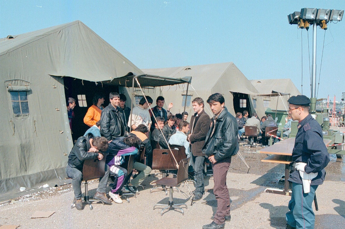 Bari, 1991, un campo di raccolta dei profughi albanesi
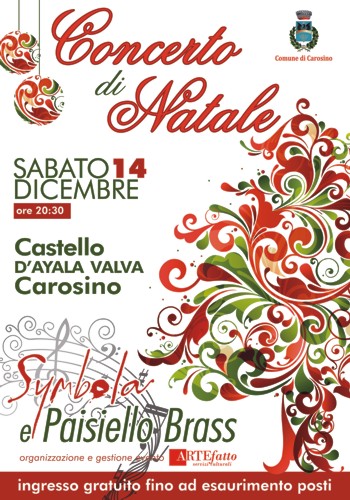 di rappresentazioni musicali in provincia.Il Comune di Carosino, in collaborazione con la Artefatto Servizi Culturali, a tal proposito, dà il 'la' al periodo delle festività con uno speciale concerto che avrà luogo nella suggestiva e caratteristica cornice rinascimentale del Castello d'Ayala Valva di Carosino, già teatro di numerosi eventi estivi di successo approntati dalla medesima società di Cosetta Giordano.
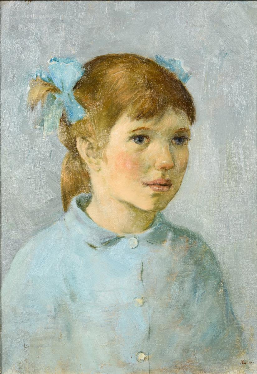 Bildnis eines Mädchens mit blauen Schleifen im Haar vor neutralem Hintergrund.
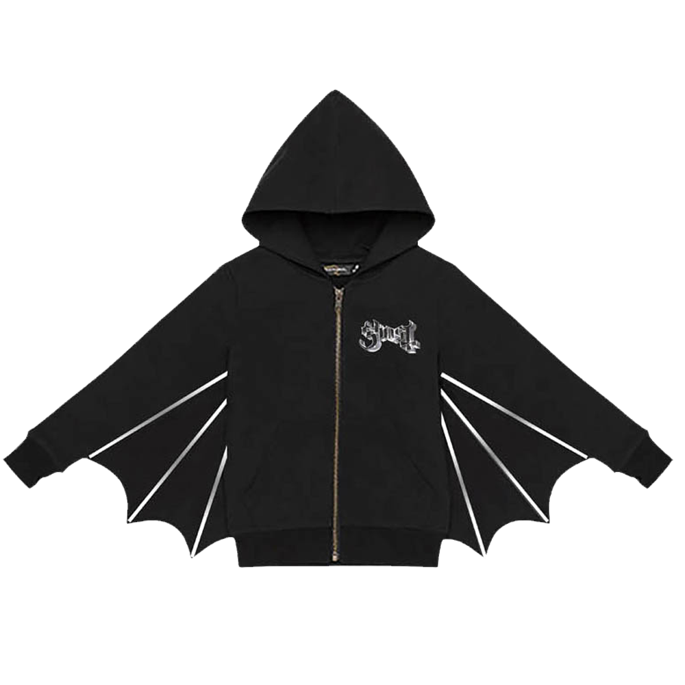 New Skeletá Batwing Hoodie—designed to celebrate the launch of Ghost’s Skeletá album and the 2025 World Tour. This limited-edition zip-up features stitched winged panels under each sleeve, giving it a striking silhouette.
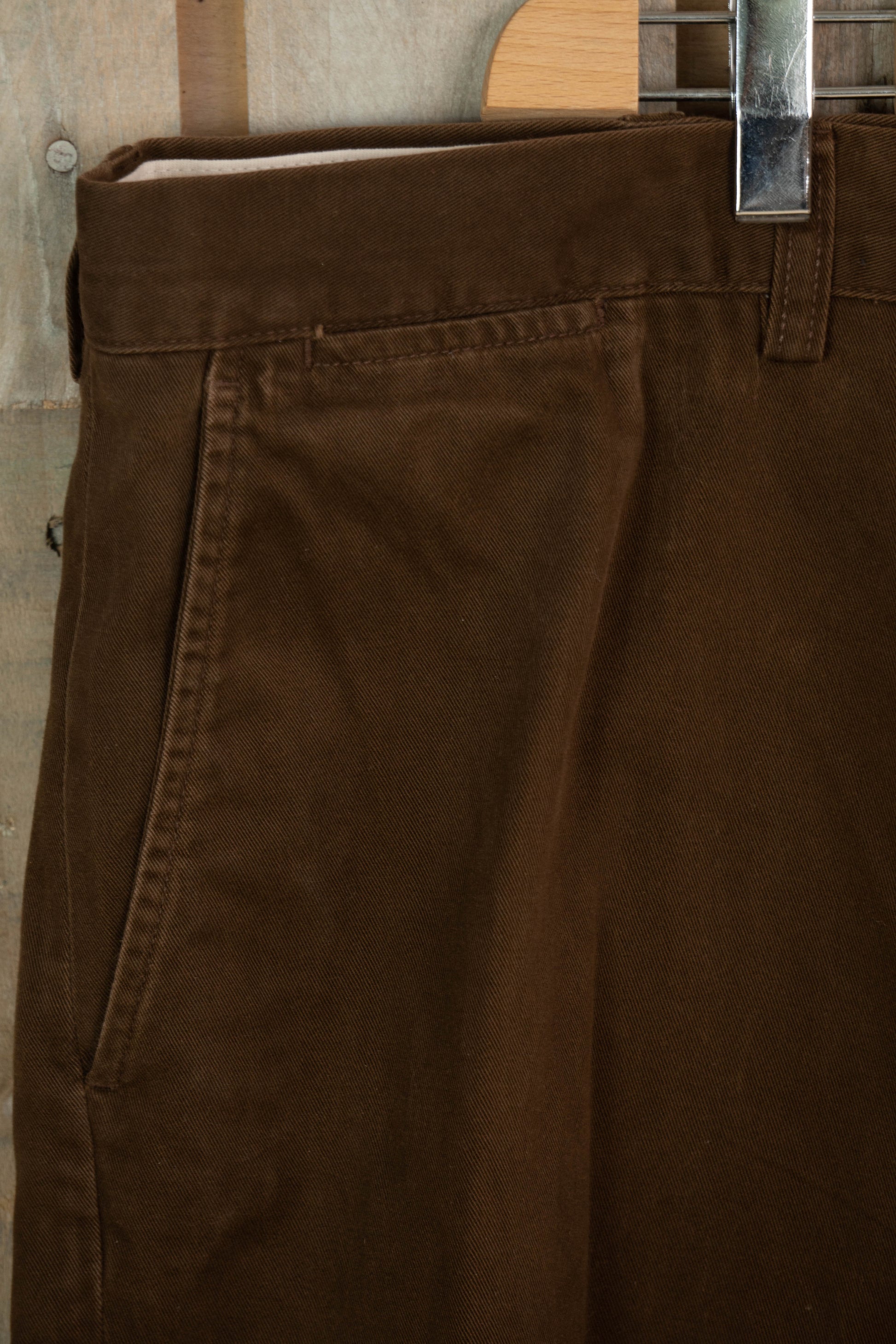 Realizzati in cotone twill marrone di qualità, questi pantaloni combinano comfort e eleganza.
==================================================
• What you should do
Although pictures appear among the records above, write out exactly only the lines from the one that has "di rappresentazioni musicali" through the one that has "Bildnis eines Mädchens", and leave the pictures out.

• Exercise solution
 di rappresentazioni musicali in provincia.Il Comune di Carosino, in collaborazione con la Artefatto Servizi Culturali, a tal proposito, dà il 'la' al periodo delle festività con uno speciale concerto che avrà luogo nella suggestiva e caratteristica cornice rinascimentale del Castello d'Ayala Valva di Carosino, già teatro di numerosi eventi estivi di successo approntati dalla medesima società di Cosetta Giordano.
 Bildnis eines Mädchens mit blauen Schleifen im Haar vor neutralem Hintergrund.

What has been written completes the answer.